Continuing with the heart disease dataset, let’s create a classification model that will predict wether a patient has heart disease or not. We will observe how the KullbackLeiblerSelector will improve the performance of the model.

You can find the dataset here: https://www.kaggle.com/ronitf/heart-disease-uci.

Actually we will create two models. One will be trained without feature selection and one trained with selected features from our selector.

Let’s import the dataset first:

import pandas as pd

df = pd.read_csv('./heart.csv')
X = df.drop(columns=['target'])
y = df['target']

Now let’s create the model without the selector:

from sklearn.linear_model import LogisticRegression
from sklearn.model_selection import train_test_split

X_train, X_test, y_train, y_test = train_test_split(X, y)
clf = LogisticRegression().fit(X_train, y_train)

Now, let’s add some metrics to be able to compare the two models:

from sklearn.metrics import accuracy_score, recall_score, roc_auc_score

print('Without selector:')
print(f'accuracy: {accuracy_score(y_test, clf.predict(X_test)):.2f}')
print(f'recall {recall_score(y_test, clf.predict(X_test)):.2f}')
print(f'AUC {roc_auc_score(y_test, clf.predict(X_test)):.2f}')

Fine. Let’s do the same thing for the second model. But now we will apply our selector. First, import it:

from kydavra import KullbackLeiblerSelector

We will use the columns that have a divergence between 1 and 3 relative to the target column (which in this dataset is named ‘target’ for convenience):

kullback = KullbackLeiblerSelector(min_divergence=1, max_divergence=3)
cols = kullback.select(df, 'target')
print(f'\nselected columns: {cols}')

Now, let’s select these columns from the DataFrame.

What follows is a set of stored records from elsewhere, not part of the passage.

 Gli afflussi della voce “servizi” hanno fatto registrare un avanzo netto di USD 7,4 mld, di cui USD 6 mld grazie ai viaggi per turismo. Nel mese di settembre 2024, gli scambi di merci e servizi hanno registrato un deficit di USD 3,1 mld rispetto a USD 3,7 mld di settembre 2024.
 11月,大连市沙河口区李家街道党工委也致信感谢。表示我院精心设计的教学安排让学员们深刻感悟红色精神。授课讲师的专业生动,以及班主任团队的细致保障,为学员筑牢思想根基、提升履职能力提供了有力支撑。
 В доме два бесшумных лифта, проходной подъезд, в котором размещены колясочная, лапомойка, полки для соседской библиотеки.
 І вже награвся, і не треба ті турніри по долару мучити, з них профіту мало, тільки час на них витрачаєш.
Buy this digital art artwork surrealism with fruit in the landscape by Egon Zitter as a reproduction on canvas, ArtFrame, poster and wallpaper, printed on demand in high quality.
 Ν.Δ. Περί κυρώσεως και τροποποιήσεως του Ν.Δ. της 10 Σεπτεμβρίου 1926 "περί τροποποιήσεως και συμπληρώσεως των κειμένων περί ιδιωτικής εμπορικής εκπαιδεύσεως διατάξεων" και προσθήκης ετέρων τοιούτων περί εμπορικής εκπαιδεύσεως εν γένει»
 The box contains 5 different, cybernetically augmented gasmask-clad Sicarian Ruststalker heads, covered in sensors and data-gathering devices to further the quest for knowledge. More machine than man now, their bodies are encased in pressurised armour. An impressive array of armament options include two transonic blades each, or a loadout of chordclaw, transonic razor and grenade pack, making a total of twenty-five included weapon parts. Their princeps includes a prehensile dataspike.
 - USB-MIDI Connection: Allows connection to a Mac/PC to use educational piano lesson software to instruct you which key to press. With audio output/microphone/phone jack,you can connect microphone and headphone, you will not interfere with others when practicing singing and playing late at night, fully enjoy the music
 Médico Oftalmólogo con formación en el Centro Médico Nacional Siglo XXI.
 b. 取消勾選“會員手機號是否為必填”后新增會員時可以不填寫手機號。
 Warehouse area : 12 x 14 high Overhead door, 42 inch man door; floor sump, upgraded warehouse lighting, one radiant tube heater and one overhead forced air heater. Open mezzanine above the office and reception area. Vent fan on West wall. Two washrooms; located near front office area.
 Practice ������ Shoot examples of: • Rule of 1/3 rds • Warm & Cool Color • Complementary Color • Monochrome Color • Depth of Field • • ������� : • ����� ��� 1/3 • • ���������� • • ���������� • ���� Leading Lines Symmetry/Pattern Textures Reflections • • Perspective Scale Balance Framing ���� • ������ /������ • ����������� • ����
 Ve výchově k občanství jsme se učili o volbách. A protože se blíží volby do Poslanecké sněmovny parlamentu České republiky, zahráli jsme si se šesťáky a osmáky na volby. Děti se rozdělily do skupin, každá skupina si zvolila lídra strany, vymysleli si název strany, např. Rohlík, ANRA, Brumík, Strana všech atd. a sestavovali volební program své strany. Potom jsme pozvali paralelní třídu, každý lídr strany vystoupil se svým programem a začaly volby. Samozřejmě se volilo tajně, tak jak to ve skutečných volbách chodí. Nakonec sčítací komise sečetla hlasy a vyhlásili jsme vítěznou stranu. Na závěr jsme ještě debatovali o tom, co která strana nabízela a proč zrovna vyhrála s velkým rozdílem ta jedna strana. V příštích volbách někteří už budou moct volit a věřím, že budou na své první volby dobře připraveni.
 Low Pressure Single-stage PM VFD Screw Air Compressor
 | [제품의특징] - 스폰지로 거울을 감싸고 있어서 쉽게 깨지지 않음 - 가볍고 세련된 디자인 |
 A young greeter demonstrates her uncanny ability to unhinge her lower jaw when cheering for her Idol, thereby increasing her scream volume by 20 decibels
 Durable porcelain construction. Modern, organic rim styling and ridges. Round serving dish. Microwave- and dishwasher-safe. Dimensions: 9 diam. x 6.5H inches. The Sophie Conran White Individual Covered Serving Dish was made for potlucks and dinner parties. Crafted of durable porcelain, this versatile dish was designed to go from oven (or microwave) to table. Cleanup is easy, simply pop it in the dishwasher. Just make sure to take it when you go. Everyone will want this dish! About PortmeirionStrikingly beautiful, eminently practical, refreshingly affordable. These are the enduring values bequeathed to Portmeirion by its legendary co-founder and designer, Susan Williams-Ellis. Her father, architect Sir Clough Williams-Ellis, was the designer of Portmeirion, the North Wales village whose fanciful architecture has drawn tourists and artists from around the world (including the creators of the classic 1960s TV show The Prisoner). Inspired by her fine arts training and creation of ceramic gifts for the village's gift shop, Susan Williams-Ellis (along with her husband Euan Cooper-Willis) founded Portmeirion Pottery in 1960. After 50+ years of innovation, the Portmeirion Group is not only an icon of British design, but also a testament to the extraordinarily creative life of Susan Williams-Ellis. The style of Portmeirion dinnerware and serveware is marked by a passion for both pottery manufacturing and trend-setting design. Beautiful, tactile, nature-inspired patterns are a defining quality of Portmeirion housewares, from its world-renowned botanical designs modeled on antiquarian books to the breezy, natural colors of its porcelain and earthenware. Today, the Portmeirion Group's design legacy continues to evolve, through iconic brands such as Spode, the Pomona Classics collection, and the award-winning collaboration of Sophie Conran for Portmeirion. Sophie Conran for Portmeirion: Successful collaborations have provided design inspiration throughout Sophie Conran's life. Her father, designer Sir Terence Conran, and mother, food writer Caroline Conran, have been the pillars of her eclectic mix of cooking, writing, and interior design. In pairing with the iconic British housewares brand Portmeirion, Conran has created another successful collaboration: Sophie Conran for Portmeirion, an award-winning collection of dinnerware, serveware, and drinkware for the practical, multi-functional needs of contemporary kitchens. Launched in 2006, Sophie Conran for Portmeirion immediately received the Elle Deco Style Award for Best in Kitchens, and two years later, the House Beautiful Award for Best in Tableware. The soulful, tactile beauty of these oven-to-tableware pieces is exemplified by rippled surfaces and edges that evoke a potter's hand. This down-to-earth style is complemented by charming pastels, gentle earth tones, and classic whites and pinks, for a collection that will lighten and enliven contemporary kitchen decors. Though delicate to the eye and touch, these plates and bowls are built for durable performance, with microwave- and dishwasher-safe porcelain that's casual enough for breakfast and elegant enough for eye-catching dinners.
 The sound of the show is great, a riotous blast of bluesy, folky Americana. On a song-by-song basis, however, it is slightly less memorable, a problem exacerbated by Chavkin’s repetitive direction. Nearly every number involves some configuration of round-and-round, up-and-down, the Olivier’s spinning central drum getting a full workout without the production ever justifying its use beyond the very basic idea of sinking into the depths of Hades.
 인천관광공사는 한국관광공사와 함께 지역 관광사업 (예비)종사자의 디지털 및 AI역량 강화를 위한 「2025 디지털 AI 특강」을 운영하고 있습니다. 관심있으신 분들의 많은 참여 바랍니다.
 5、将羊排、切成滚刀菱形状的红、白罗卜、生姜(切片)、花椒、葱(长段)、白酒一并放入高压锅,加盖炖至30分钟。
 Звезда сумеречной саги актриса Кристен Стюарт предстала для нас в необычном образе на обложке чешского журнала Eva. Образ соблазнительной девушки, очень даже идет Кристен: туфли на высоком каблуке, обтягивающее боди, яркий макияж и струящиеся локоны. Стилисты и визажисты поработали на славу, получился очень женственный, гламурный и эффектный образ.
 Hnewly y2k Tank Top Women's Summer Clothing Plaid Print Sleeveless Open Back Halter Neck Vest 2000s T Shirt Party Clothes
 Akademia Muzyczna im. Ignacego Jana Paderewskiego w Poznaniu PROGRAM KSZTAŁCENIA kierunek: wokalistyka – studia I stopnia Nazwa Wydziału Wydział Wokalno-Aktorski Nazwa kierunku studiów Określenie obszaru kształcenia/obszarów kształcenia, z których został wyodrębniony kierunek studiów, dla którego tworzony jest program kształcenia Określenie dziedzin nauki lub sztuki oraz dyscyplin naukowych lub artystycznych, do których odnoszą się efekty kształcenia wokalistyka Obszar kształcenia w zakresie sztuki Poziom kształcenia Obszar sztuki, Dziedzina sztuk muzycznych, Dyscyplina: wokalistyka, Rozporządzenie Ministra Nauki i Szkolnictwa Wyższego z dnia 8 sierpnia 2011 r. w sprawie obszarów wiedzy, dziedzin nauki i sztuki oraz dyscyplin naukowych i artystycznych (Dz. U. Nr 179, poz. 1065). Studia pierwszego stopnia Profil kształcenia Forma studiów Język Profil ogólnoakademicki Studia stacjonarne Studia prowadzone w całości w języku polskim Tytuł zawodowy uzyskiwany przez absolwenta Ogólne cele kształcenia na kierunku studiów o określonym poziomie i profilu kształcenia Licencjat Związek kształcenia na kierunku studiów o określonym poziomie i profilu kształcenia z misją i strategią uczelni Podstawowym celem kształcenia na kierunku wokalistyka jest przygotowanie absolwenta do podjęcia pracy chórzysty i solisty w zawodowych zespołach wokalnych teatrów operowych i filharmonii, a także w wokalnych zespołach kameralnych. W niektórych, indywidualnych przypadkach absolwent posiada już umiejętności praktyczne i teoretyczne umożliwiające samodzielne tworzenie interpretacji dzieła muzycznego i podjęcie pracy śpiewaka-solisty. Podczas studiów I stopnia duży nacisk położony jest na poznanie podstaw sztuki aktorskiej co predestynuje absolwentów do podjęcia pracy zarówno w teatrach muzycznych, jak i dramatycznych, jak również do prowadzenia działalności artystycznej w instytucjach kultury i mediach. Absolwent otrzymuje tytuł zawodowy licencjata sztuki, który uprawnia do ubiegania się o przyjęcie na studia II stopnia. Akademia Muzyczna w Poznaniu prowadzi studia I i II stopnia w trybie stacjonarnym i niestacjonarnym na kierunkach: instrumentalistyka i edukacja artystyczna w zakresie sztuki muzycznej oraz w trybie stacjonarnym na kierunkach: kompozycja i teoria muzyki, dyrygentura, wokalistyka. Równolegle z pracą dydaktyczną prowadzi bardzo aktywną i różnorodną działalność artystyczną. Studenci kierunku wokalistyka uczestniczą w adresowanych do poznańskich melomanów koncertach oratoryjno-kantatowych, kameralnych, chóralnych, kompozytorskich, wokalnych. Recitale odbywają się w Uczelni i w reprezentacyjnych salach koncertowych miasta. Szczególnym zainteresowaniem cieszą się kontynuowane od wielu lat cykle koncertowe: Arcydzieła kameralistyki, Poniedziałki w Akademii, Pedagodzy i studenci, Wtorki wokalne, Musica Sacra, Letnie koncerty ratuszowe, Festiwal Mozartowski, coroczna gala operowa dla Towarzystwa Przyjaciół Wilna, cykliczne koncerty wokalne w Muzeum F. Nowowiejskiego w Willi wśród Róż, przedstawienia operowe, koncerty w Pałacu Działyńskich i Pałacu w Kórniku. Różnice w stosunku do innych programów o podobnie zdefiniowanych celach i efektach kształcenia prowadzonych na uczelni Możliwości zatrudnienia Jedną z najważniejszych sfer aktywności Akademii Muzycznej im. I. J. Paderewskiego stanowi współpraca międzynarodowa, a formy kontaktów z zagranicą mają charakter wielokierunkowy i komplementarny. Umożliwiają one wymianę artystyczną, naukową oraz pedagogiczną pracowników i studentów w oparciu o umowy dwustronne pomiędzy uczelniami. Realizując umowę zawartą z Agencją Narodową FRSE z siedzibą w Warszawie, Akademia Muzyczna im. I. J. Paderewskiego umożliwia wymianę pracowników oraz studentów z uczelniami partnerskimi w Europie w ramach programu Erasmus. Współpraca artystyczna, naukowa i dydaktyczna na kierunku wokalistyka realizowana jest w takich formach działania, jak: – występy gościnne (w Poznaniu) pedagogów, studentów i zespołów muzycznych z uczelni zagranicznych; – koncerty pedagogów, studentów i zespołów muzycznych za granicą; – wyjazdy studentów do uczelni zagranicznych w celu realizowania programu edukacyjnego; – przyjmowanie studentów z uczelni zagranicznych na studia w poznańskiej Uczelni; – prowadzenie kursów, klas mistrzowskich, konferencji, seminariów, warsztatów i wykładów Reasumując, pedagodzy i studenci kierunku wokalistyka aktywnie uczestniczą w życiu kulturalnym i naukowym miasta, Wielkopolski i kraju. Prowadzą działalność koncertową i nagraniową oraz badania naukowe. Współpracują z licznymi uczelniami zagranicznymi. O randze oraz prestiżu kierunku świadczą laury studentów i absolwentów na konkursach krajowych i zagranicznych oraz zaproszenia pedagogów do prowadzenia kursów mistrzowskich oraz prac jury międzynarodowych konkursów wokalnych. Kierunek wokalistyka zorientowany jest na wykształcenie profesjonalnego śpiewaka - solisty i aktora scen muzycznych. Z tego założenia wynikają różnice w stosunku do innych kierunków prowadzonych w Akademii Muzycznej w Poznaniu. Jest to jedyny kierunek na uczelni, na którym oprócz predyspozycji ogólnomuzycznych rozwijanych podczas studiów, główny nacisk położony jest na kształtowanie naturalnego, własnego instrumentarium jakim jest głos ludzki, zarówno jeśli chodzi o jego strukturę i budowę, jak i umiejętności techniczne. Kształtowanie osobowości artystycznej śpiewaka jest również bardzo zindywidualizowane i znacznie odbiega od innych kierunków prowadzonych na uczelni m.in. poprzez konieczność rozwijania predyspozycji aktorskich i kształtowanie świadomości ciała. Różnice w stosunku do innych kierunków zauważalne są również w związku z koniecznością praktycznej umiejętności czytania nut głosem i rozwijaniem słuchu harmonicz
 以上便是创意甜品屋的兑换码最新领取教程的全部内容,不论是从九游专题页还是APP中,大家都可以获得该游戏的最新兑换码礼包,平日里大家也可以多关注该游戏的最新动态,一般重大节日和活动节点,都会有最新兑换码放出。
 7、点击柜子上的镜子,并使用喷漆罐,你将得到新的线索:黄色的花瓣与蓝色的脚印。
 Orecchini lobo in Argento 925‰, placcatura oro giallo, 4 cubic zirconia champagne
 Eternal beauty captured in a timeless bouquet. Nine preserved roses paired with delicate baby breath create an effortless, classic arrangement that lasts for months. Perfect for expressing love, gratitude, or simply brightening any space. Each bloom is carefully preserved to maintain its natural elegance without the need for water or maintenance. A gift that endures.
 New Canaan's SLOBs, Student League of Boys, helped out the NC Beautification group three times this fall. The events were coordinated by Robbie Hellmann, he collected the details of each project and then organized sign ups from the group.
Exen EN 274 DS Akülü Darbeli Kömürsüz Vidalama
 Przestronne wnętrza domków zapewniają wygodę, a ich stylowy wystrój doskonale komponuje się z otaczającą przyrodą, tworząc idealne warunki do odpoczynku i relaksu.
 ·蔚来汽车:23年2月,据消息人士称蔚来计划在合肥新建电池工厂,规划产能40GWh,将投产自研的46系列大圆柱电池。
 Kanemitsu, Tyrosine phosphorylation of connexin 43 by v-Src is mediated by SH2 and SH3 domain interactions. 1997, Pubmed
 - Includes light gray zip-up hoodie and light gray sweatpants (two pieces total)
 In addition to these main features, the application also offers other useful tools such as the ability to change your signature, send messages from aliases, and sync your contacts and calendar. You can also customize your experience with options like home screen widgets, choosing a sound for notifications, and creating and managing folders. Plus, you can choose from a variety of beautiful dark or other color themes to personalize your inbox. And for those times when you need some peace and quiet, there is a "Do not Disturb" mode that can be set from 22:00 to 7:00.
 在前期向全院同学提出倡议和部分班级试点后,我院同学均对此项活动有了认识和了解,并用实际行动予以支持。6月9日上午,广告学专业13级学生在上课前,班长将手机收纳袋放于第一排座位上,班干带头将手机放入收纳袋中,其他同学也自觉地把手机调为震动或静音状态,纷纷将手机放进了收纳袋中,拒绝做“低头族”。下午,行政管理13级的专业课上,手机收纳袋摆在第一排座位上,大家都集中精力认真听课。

The target column remains the same:

X = df[cols]
y = df['target']

Continue with creating the model and printing the metrics:

X_train, X_test, y_train, y_test = train_test_split(X, y)
clf_with_selector = LogisticRegression().fit(X_train, y_train)

print('\nWith selector:')
print(f'accuracy: {accuracy_score(y_test, clf_with_selector.predict(X_test)):.2f}')
print(f'recall {recall_score(y_test, clf_with_selector.predict(X_test)):.2f}')
print(f'AUC {roc_auc_score(y_test, clf_with_selector.predict(X_test)):.2f}')

Here is what we get as an output:

Without selector:
accuracy: 0.82
recall 0.76
AUC 0.82

selected columns: ['sex', 'restecg', 'oldpeak']With selector:
accuracy: 0.80
recall 0.88
AUC 0.80

We observe that the accuray and AUC ROC metrics got slightly worse. Instead the recall improved a lot. In different cases the results may differ. Though, experimenting with the selector’s parameters may cause the difference in the result. Also, don’t forget to consider other factors, such as the dataset or the model used.